3.1 Promoters and Gene Expression
Only some of the genes in a eukaryotic cell are expressed at any given moment. The proportion and composition of transcribed genes changes considerably during the life cycle, among cell types, and in response to fluctuating physiological and environmental conditions (e.g., White et al. 1999; Iyer et al. 2001; Kayo et al. 2001; Mody et al. 2001; Arbeitman et al. 2002). Given that eukaryotic genomes contain on the order of 0.5 to 5 x 104 genes, regulating this differential gene expression requires an exceptionally complex array of specific physical interactions among macromolecules.
3.1.1 Most Regulation of Gene Expression Occurs at the Level of Transcription
Eukaryotes employ diverse mechanisms to regulate gene expression, including chromatin condensation, DNA methylation, transcriptional initiation, alternative splicing of RNA, mRNA stability, translational controls, several forms of post-translational modification, intracellular trafficking, and protein degradation (Lewin 2000; Alberts et al. 2002).

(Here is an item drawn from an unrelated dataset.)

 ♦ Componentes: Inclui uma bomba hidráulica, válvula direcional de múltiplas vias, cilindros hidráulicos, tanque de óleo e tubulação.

Of these broad categories, the most common point of control is the rate of transcriptional initiation (Latchman 1998; Carey and Smale 2000; Lemon and Tjian 2000; White 2001). For virtually every eukaryotic gene where relevant information exists, transcriptional initiation appears to be the primary determinant, or one of the most important determinants, of the overall gene expression profile.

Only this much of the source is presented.